Namun kalau wadii’ mengharuskan pembayaran, semacam biaya
administrasi misalnya, maka akad wadiah ini berubah menjadi “akad sewa”
(ijaroh) dan mengandung unsur kelaziman. Artinya wadii’ harus menjaga dan
bertanggung jawab terhadap barang yang dititipkan. Pada saat itu wadii’ tidak
dapat membatalkan akad ini secara sepihak karena dia sudah dibayar.
b. Giro Wadiah
Yang dimaksud dengan giro wadiah adalah giro yang dijalankan berdasar
akad wadiah, yakni titipan murni yang setiap saat dapat diambil jika
pemiliknya menghendaki. Dalam konsep wadiah yad dhamanah, pihak yang
menerima titipan boleh menggunakan atau memanfaatkan uang atau barang
yang dititipkan. Hal ini berarti bahwa wadiah yad dhamanah mempunyai
implikasi hukum yang sama dengan qardh, yakni nasabah bertindak sebagai
pihak yang meminjamkan uang dan bank bertindak sebagai pihak yang
dipinjami. Dengan demikian, pemilik dana dan bank tidak boleh saling
menjanjikan untuk memberikan imbalan atas penggunaan atau pemanfaatan
dana atau barang titipan tersebut.
c. Tabungan
1. Tabungan Wadiah
1. Bersifat simpanan,
2. Simpanan bisa diambil kapan saja (on call) atau berdasarkan
kesepakatan, dan
3. Tidak ada imbalan yang disyaratkan, kecuali dalam bentuk pemberian
bonus yang bersifat sukarela dari pihak bank.
KESIMPULAN
Wadi’ah adalah penitipan, yaitu akad seseorang kepada yang lain dengan
menitipkan benda untuk dijaganya secara layak. Apabila ada kerusakan pada
benda titipan tidak wajib menggantinya, tapi bila kerusakan itu disebabkan oleh
kelalaiannya maka diwajibkan menggantinya.
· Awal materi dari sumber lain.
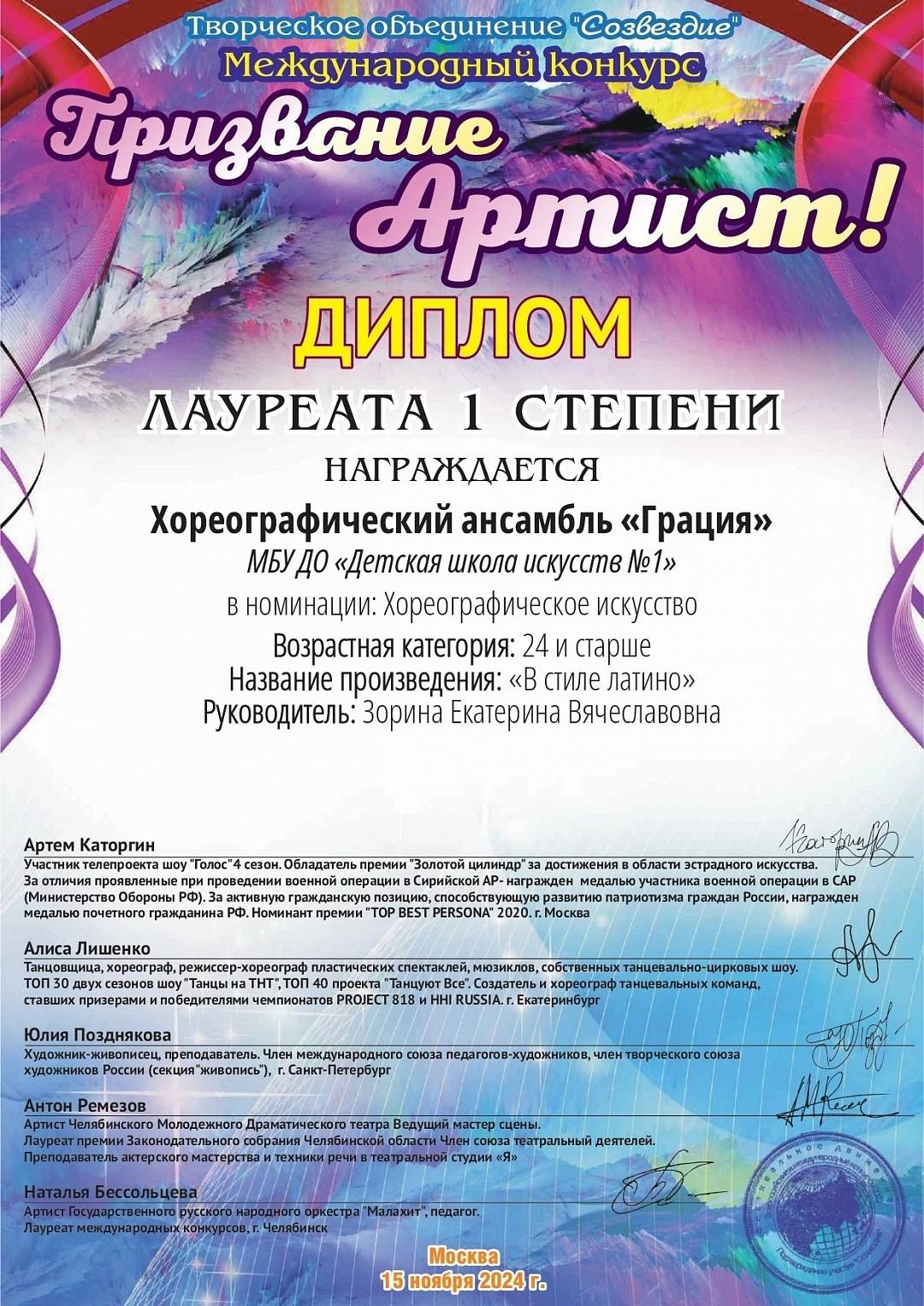 (Диплом лауреата I степени) на Международном конкурсе "Призвание

Wadi’ah yang ada di perbankan syariah bukanlah wadiah yang dijelaskan
dalam kitab-kitab fiqih. Wadi’ah perbankan syariah yang saat ini dipraktekkan,
lebih relevan dengan hukum dain/piutang, karena pihak bank memanfaatkan uang
nasabah dalam berbagai proyeknya. Adanya kewenangan untuk memanfaatkan
barang, memiliki hasilnya dan menanggung kerusakan atau kerugian adalah
perbedaan utama antara wadi’ah dan dain (hutang-piutang) . Dengan demikian,
bila ketiga karakter ini telah disematkan pada akad wadi’ah, maka secara fakta
dan hukum akad ini berubah menjadi akad hutang piutang dan bukan wadi’ah.